Pular para o conteúdo principal

Ram Charan: O guru dos presidentes

Um almoço no dia 20 de junho, no salão do clube mais tradicional de Joinville, o Sociedade Harmonia Lyra, reuniu 270 empresários e altos executivos brasileiros, como Décio Silva, acionista e presidente do conselho de administração da Weg, e Ernesto Heinzelmann, presidente da Embraco. Todos estavam lá para conhecer o consultor que costuma falar ao pé do ouvido de alguns dos executivos mais poderosos do mundo: o indiano Ram Charan. O evento em Joinville foi apenas um dos compromissos da agenda do guru no país. Nas menos de 48 horas que passou no Brasil, Charan falou para mais de 2 500 pessoas em quatro eventos diferentes, em Joinville e em Curitiba, no Paraná. Ir de um lado a outro do mundo, sem se preocupar com casa, família ou emprego, é a rotina de Charan. Aos 68 anos, ele é hoje um dos mais populares — e ativos — gurus de negócios. Faz 60 palestras por ano, numa média de mais de uma por semana, em cidades tão diferentes e distantes como Joinville e Dubai, nos Emirados Árabes. Em meio ao assédio de executivos e intermináveis viagens de avião, Charan lança pelo menos um livro por ano e atua como conselheiro direto de executivos como A.G. Lafley, presidente mundial da Procter&Gamble, e Jeff Immelt, da GE. “Essa rotina para mim é como estar de férias”, disse Charan (que, aliás, não tira férias) em entrevista exclusiva a EXAME.

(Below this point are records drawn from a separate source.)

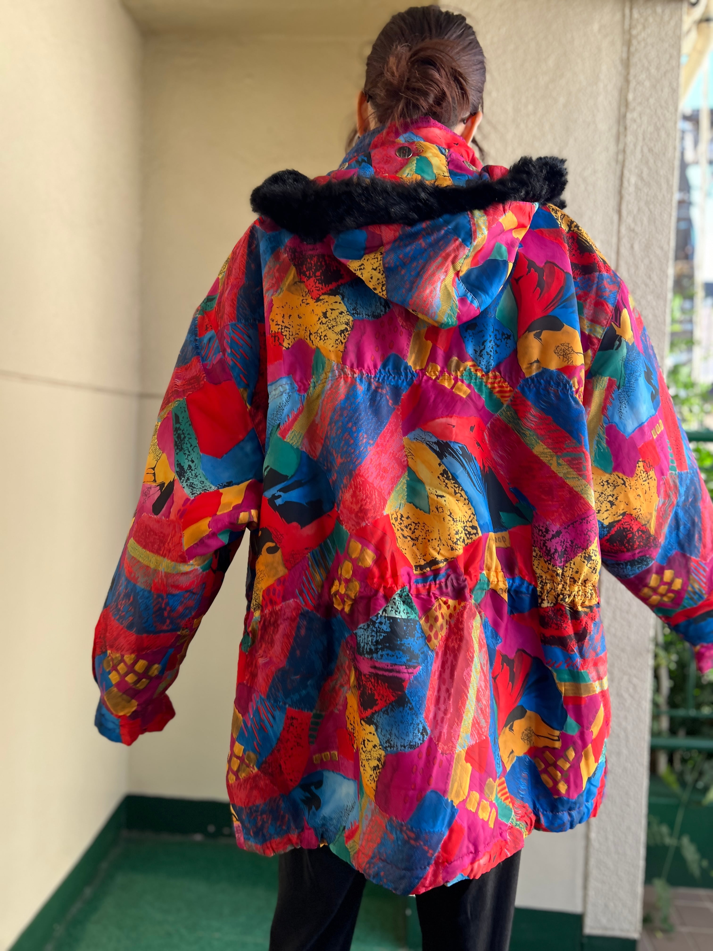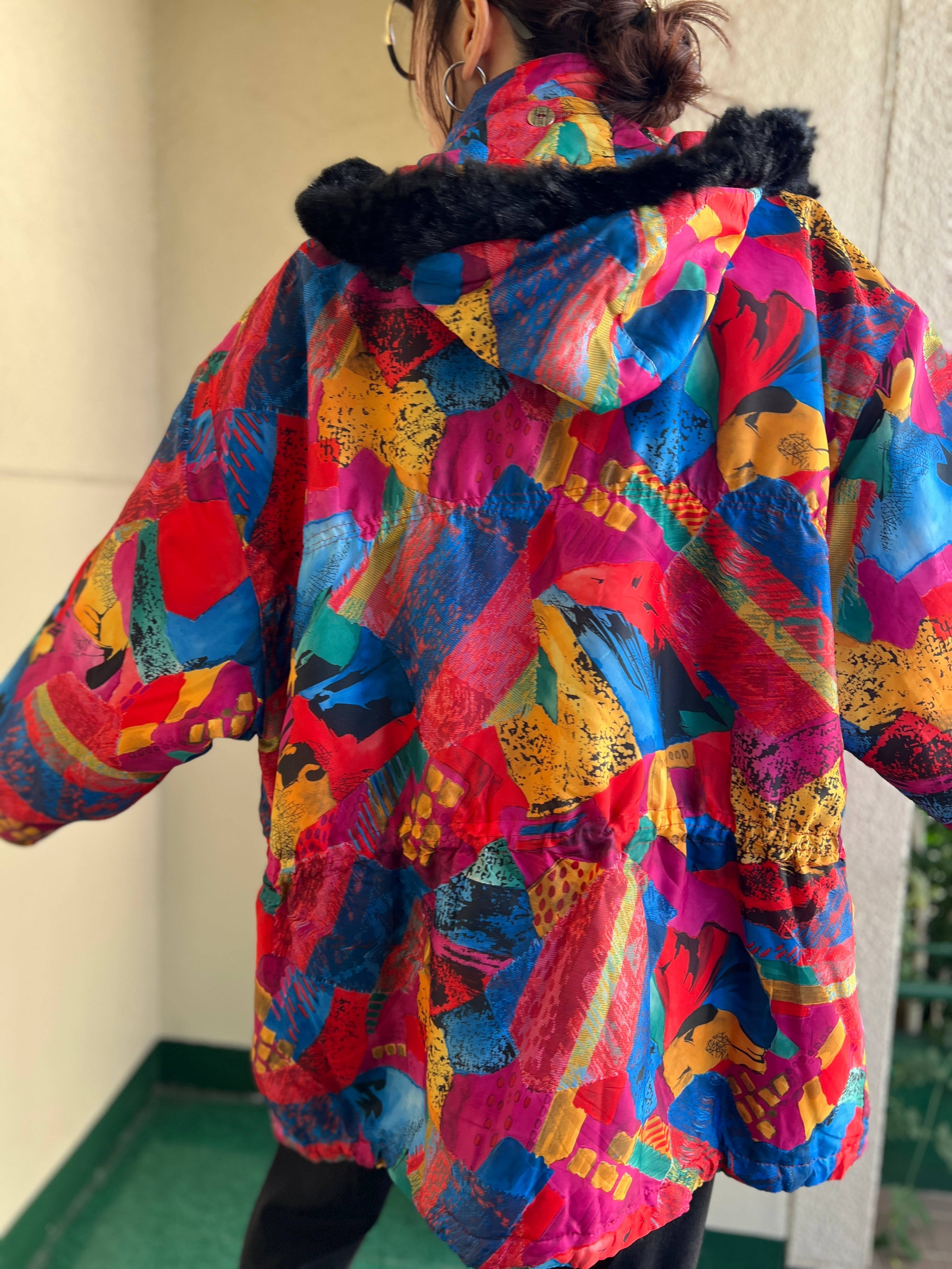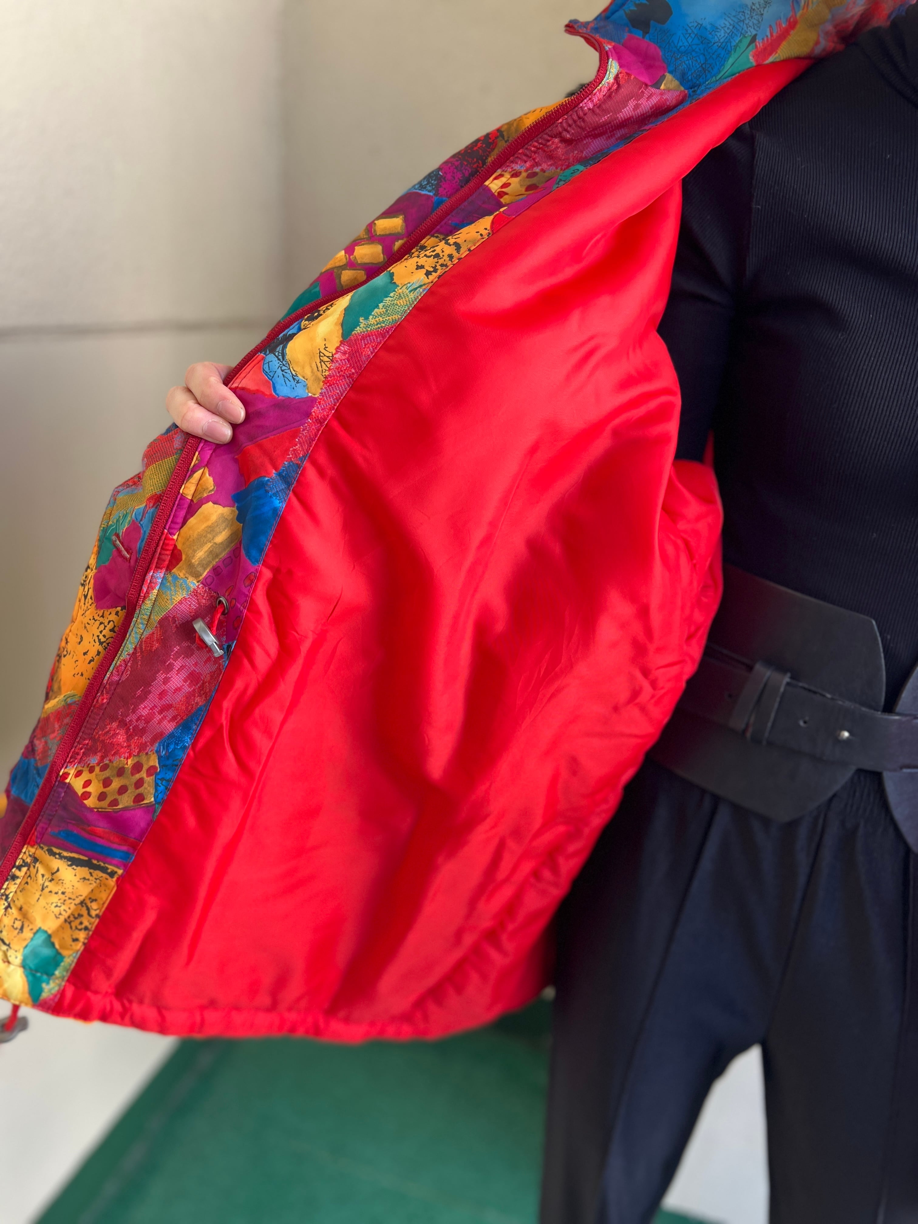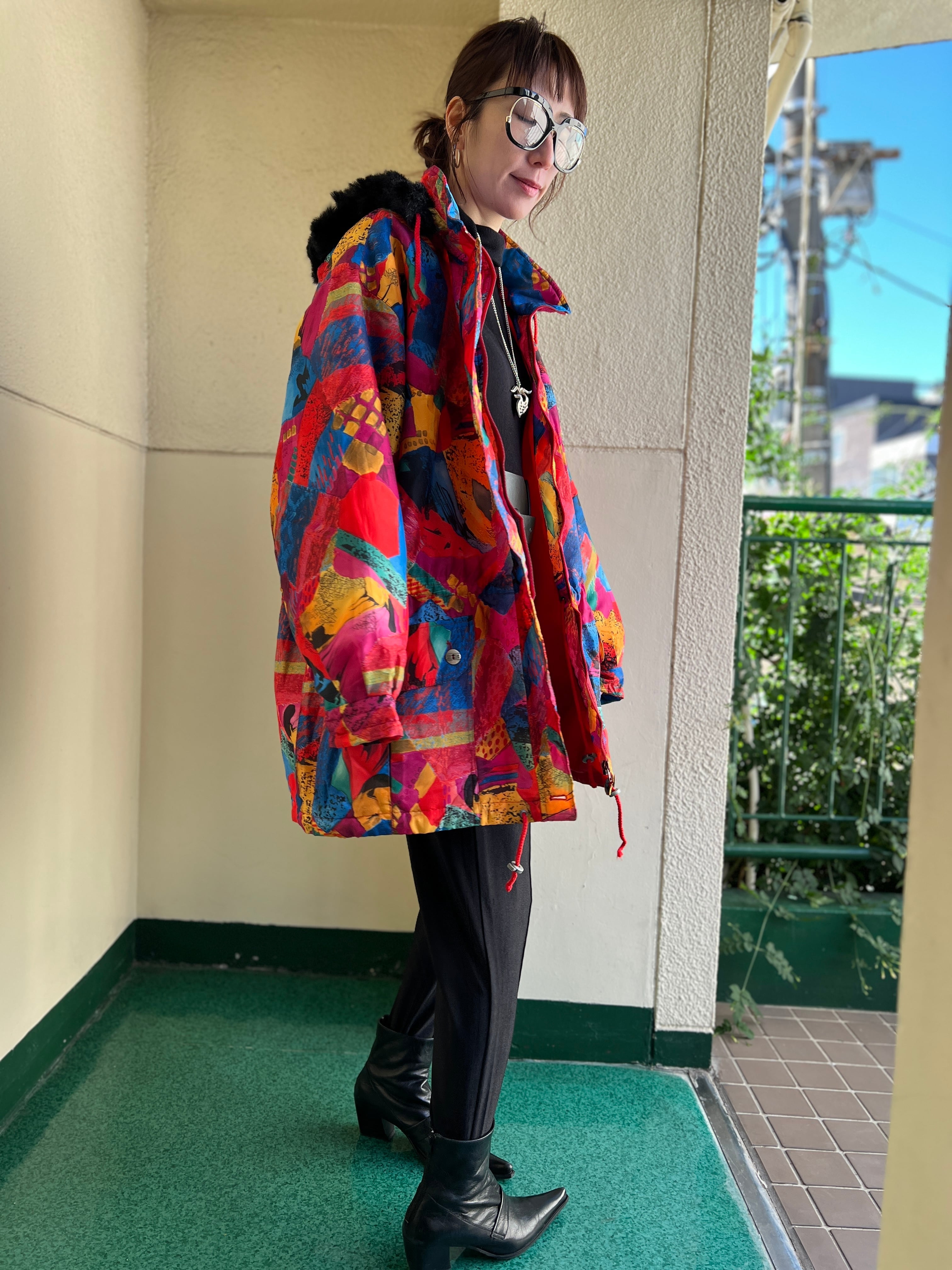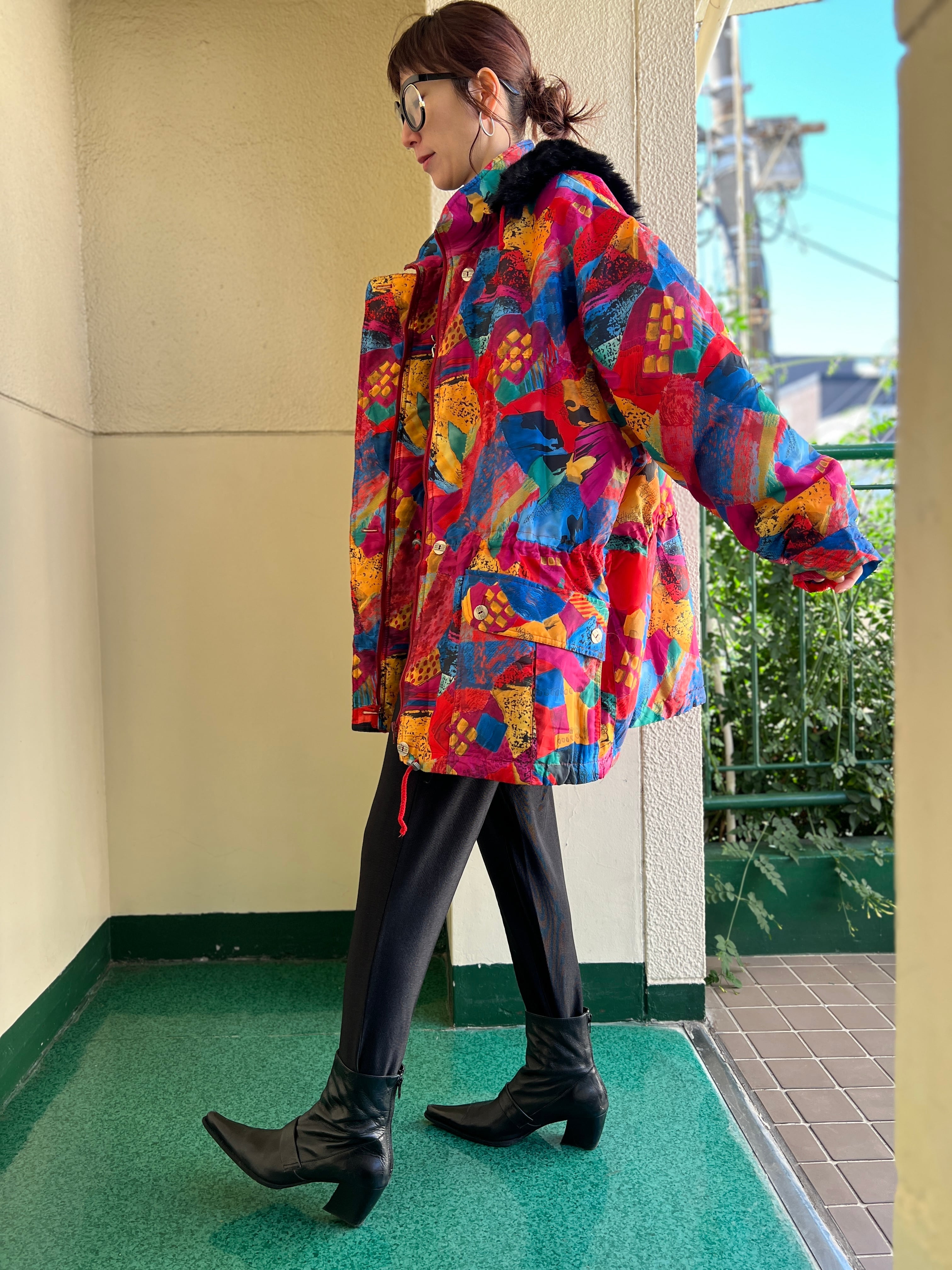 Vintage EUR multicolored foodie blouson ( ヴィンテージ ヨーロッパ マルチカラー フード つき 中綿入り ブルゾン )
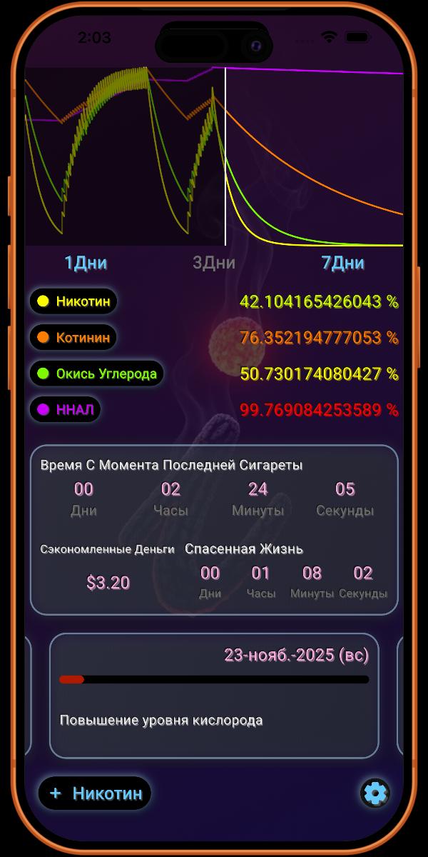 Это график по умолчанию, который показывает вам 4 химических вещества за вчера, сегодня и завтра. Он включает индикатор того, где находится текущее время. Видя, насколько вы улучшитесь на следующий день, это мотивирует вас держаться подальше от курения.
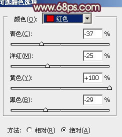 2、创建可选颜色调整图层,对红、中性、黑进行调整,参数设置如图2 - 5,效果如图6。这一步增加图片的红色。
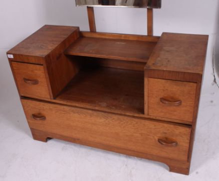 A 1930's Art Deco oak drop centre dressing table chest. The base with a series of drawers having mirror atop. Matching pair of wardrobes in lot 1029 H138 W109 D45
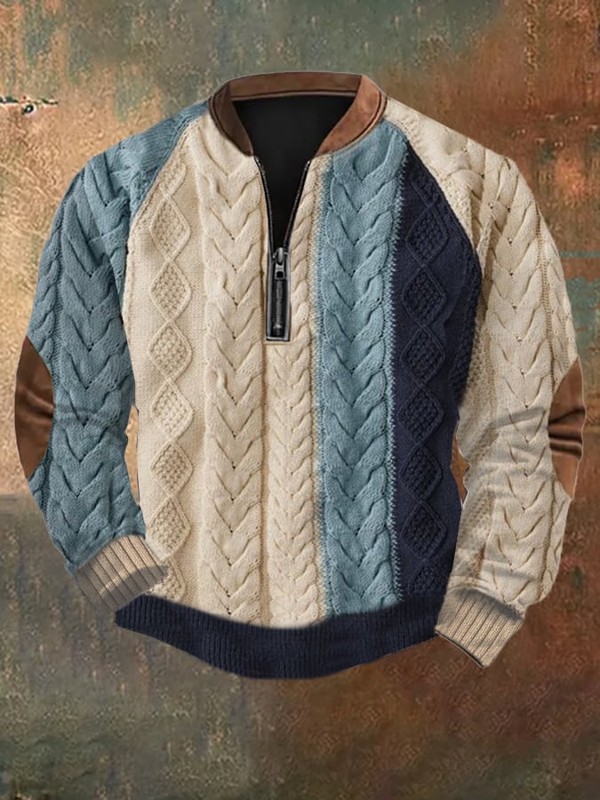 Men's Vintage Knit Print Zip-Up Sweatshirt

Charan percorreu um caminho incomum entre os gurus formados no ambiente acadêmico — uma confraria da qual fazem parte nomes como Gary Hamel, professor da London Business School, e Michael Porter, professor da escola de negócios de Harvard. Primeiro indiano a dar aulas em Harvard, Charan abandonou o ensino na universidade há três décadas. Seus cursos hoje só acontecem sob encomenda de empresas — e são disputados como poucos. Charan foi apontado recentemente pela revista americana Business Week como um dos dez melhores consultores do mundo para cursos in company, um dos mercados mais lucrativos para os especialistas de negócios. Há 35 anos, ele é uma das estrelas em Crotonville, o lendário centro de treinamento de executivos da GE. Tamanha exposição inflacionou sua remuneração. Há apenas três anos, Charan cobrou 20 000 dólares para fazer uma exposição em São Paulo. Hoje, não aceita dar uma palestra de 1 hora por menos de 100 000 dólares. Todas as apresentações são inspiradas nos temas de seus livros. O mais popular deles é o best-seller Execução: A Disciplina para Atingir Resultados. O livro esteve por 50 semanas na lista dos mais vendidos do jornal The New York Times logo após seu lançamento, em 2002.

Tanto nos livros como nas palestras, Charan se comunica com uma linguagem simples, distante da habitual sisudez do discurso acadêmico. Em todas as suas apresentações no Brasil, ele quebrou o gelo inicial com a platéia ao perguntar, sorrindo: “O que vocês acham do meu sotaque indiano?” O passo seguinte era tirar o paletó azul-escuro e a gravata e começar a circular entre a platéia. Avesso a recursos do tipo PowerPoint, ele se limitou a projetar num telão apenas algumas linhas escritas à mão e quase ilegíveis. O jeitão coloquial pode ser observado em algumas de suas lições — algumas delas tão simplistas que quase parecem óbvias. Entre seus mantras estão: “Ninguém pode ter 20 prioridades. No máximo cinco” e “Ninguém é incompetente, só está no lugar errado. O trabalho do líder é saber qual é o lugar certo de cada um”. A característica parece ser um dos segredos de sua popularidade. “Ram tem a rara habilidade de distinguir o que é relevante daquilo que não tem importância”, afirmou recentemente à revista americana Fortune Jack Welch, ex-presidente da GE e um dos amigos mais próximos de Charan.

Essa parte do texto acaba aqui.